Sunday, August 14, 2011

The Florida Congresswoman is all cattle


Debbie Wasserman Schultz, the Congresswoman from Florida’s 20th District, was talking on one of the news shows last week about some of the goings-on in Washington. For an idea being proposed that she did not agree with, she pronounced that “that dog will not hunt.” A few seconds later, she made a reference to someone being “all hat and no cattle.”

For a nanosecond or two, I thought that she must have just run out and bought my new book, Wicked Good Wordshttp://www.amazon.com/Wicked-Good-Words-Johnnycakes-Regionalisms/dp/0399536760/ref=sr_1_3?s=books&ie=UTF8&qid=1313251128&sr=1-3 . It’s a collection of America’s regionalisms—those things we say that signal we’re from here and not there. Then I got a grip and realized that the Congresswoman was simply well attuned to the expressions that Floridians—some of them, at least—use.
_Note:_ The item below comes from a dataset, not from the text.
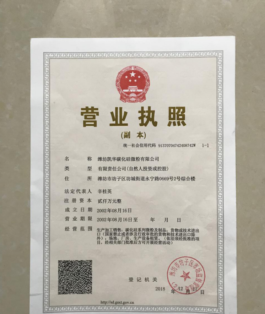濰坊凱華碳化硅微粉有限公司成立于2002年,國(guó)家高新技術(shù)企業(yè),公司占地40畝,標(biāo)準(zhǔn)廠房19000平方,辦公樓、研發(fā)處2000平方,年生產(chǎn)能力3萬(wàn)噸。一直從事陶瓷級(jí)微粉的生產(chǎn)銷售,所生產(chǎn)的超細(xì)碳化硅微粉具有純度高、粒形好、穩(wěn)定性強(qiáng)等特點(diǎn),主要用于反應(yīng)燒結(jié)、無(wú)壓燒結(jié)、硅碳棒新工藝、重結(jié)晶燒結(jié)、蜂窩陶瓷、機(jī)車(chē)制動(dòng)裝置、研磨拋光、金屬防腐表面噴涂、納米隔熱保溫材料等領(lǐng)域。標(biāo)準(zhǔn)產(chǎn)品有:F240、F1200、W40、W28、W20、W14、W10、W7、W5、W3.5、 W2.5、W2、W1.5、W0.5、5S、D3E、100F、RS07、RS100及整形高密度系列綠碳化硅微粉......

That dog will not hunt,” or as it’s more commonly heard, “that dog won’t hunt,” is an expression familiar to many Southerners. (Yes, even in South Florida, Congresswoman Wasserman Schultz’s district, you can still find some Southerners among the many Northerners like me who have come here.) Folks in the Ozarks were among the first to use this expression as a way of saying “that won’t work,” but saying it more colorfully.

You’ll also hear the inverse, “that dog’ll hunt,” although not as frequently. (And these days, almost never when it comes to goings-on in Washington.)
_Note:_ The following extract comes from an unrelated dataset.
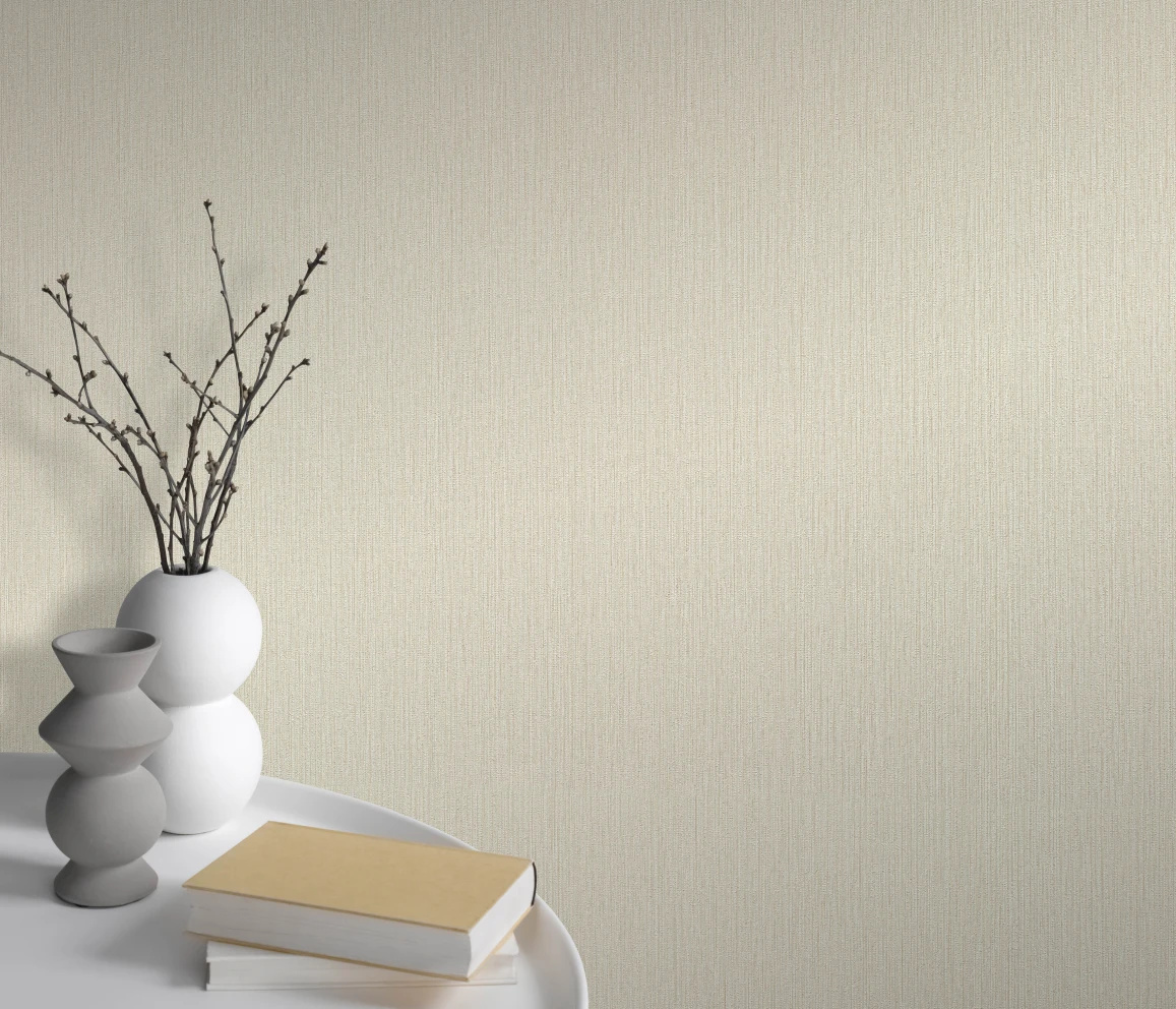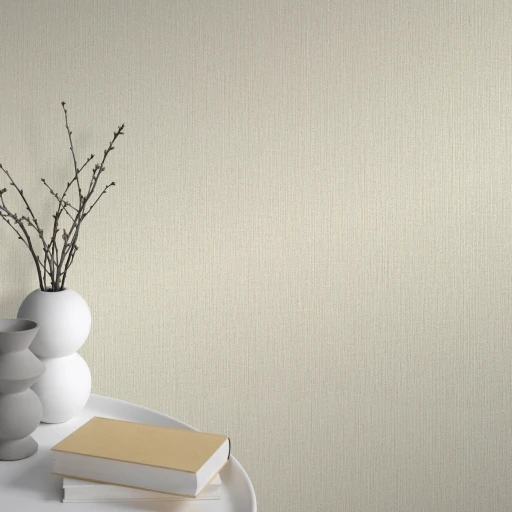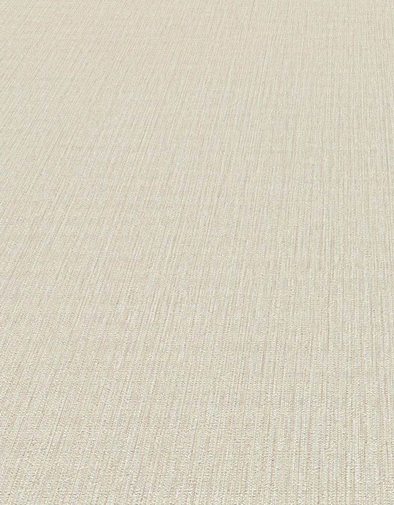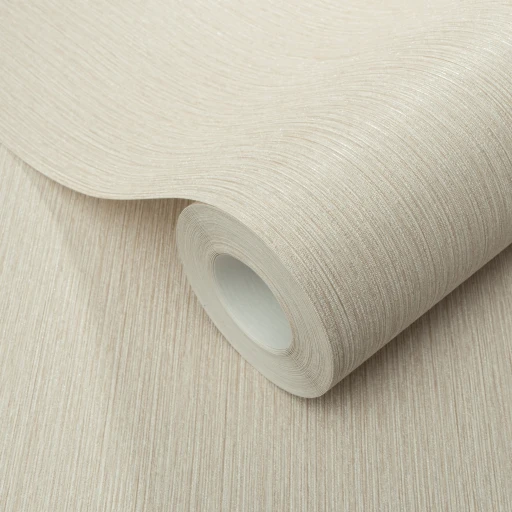 Winylowa tapeta na podłożu flizelinowym. Imitacja tkaniny w pionowe prążki w odcieniach beżu z delikatnym połyskiem.

All hat and no cattle” is how many in the southern part of the country say that someone is full of hot air, or doesn’t follow through: an imposter. Just because you can put on a cowboy hat doesn’t mean you know to rustle cattle.

Okay, you may be thinking, makes sense for Texas. But Florida? Yep. Florida does, indeed, have some cattle ranches. Go figure.